SOURCE MATERIAL:
-- Opening Marker --

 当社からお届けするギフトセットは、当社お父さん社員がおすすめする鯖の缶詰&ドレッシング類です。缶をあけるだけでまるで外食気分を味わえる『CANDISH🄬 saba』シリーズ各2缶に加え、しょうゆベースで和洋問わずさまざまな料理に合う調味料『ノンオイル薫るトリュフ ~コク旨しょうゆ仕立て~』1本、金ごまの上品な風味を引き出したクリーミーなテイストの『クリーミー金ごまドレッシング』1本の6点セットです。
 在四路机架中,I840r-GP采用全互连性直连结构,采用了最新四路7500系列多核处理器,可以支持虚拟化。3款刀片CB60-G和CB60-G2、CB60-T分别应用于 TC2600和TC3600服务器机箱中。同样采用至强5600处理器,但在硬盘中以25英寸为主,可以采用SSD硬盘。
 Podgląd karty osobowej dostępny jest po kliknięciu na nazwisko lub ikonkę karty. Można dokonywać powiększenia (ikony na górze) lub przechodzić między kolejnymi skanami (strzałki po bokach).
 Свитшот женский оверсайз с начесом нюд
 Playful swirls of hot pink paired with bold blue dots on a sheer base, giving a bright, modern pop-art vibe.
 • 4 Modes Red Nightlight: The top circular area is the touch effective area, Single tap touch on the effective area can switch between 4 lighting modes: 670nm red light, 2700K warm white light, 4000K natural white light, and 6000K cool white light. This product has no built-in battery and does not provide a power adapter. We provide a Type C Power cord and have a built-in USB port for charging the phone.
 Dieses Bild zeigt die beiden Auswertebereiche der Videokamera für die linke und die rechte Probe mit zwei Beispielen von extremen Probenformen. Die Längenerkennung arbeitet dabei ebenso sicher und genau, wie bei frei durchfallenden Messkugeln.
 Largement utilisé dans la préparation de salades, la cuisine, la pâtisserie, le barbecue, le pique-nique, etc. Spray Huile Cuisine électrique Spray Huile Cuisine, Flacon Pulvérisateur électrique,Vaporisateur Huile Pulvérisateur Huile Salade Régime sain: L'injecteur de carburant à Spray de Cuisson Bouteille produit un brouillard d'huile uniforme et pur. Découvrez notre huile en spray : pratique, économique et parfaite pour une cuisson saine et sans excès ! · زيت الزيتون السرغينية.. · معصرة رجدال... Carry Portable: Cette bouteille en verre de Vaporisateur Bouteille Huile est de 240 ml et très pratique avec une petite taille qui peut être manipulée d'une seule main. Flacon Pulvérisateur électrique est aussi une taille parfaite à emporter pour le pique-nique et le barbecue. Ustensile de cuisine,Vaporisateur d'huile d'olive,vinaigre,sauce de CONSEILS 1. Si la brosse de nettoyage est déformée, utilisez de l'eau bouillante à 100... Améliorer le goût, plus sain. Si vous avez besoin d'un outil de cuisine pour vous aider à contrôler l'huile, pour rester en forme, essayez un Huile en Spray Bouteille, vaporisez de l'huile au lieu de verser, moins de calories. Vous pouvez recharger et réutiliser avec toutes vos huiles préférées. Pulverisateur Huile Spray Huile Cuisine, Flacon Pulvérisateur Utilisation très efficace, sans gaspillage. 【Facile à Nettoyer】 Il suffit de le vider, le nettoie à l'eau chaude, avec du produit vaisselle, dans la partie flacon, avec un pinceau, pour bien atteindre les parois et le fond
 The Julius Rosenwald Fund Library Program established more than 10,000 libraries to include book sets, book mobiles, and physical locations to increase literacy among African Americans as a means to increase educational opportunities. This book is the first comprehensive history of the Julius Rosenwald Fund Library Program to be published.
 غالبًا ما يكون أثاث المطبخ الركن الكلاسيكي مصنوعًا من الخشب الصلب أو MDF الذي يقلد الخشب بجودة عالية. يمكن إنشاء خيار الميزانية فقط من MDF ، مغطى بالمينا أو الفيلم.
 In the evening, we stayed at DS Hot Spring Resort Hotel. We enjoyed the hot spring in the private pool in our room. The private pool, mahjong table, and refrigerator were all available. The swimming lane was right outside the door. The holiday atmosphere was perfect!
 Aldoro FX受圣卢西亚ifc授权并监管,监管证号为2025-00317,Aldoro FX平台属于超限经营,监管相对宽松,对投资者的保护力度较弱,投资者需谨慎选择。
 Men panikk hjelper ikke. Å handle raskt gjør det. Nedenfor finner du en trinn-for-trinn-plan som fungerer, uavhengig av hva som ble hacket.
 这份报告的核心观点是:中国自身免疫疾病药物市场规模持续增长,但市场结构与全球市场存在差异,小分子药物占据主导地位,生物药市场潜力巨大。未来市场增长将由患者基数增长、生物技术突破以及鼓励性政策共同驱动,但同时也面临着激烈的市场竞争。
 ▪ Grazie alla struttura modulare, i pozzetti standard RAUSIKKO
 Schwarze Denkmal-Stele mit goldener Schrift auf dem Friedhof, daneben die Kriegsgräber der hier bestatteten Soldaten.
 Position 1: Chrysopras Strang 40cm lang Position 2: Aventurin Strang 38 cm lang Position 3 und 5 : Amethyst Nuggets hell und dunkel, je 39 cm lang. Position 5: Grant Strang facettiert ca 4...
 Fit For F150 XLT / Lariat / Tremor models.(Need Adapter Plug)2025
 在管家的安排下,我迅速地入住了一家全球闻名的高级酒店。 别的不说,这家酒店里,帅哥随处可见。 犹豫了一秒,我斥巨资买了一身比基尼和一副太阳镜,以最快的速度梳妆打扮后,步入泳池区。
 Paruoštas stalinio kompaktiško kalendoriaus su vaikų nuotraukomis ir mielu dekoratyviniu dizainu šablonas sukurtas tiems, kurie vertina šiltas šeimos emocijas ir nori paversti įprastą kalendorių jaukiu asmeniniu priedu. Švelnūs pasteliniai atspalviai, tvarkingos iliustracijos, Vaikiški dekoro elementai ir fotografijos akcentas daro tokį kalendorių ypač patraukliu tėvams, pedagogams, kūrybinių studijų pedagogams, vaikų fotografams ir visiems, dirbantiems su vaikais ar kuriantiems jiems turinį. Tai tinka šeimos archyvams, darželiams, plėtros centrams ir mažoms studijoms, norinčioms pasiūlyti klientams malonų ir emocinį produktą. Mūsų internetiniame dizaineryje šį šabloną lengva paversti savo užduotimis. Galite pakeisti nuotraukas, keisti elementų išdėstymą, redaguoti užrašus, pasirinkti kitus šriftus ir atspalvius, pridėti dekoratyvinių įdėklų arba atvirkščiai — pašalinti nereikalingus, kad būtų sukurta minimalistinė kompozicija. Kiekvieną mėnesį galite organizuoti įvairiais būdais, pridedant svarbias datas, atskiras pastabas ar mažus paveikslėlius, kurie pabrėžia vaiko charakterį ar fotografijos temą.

-- Closing Marker --

The entries above hold the needed span. Transcribe exactly the lines from the one with "在四路机架中,I840r-G" to the one with "Dieses Bild zeigt", both included.

TASK SOLUTION:
 在四路机架中,I840r-GP采用全互连性直连结构,采用了最新四路7500系列多核处理器,可以支持虚拟化。3款刀片CB60-G和CB60-G2、CB60-T分别应用于 TC2600和TC3600服务器机箱中。同样采用至强5600处理器,但在硬盘中以25英寸为主,可以采用SSD硬盘。
 Podgląd karty osobowej dostępny jest po kliknięciu na nazwisko lub ikonkę karty. Można dokonywać powiększenia (ikony na górze) lub przechodzić między kolejnymi skanami (strzałki po bokach).
 Свитшот женский оверсайз с начесом нюд
 Playful swirls of hot pink paired with bold blue dots on a sheer base, giving a bright, modern pop-art vibe.
 • 4 Modes Red Nightlight: The top circular area is the touch effective area, Single tap touch on the effective area can switch between 4 lighting modes: 670nm red light, 2700K warm white light, 4000K natural white light, and 6000K cool white light. This product has no built-in battery and does not provide a power adapter. We provide a Type C Power cord and have a built-in USB port for charging the phone.
 Dieses Bild zeigt die beiden Auswertebereiche der Videokamera für die linke und die rechte Probe mit zwei Beispielen von extremen Probenformen. Die Längenerkennung arbeitet dabei ebenso sicher und genau, wie bei frei durchfallenden Messkugeln.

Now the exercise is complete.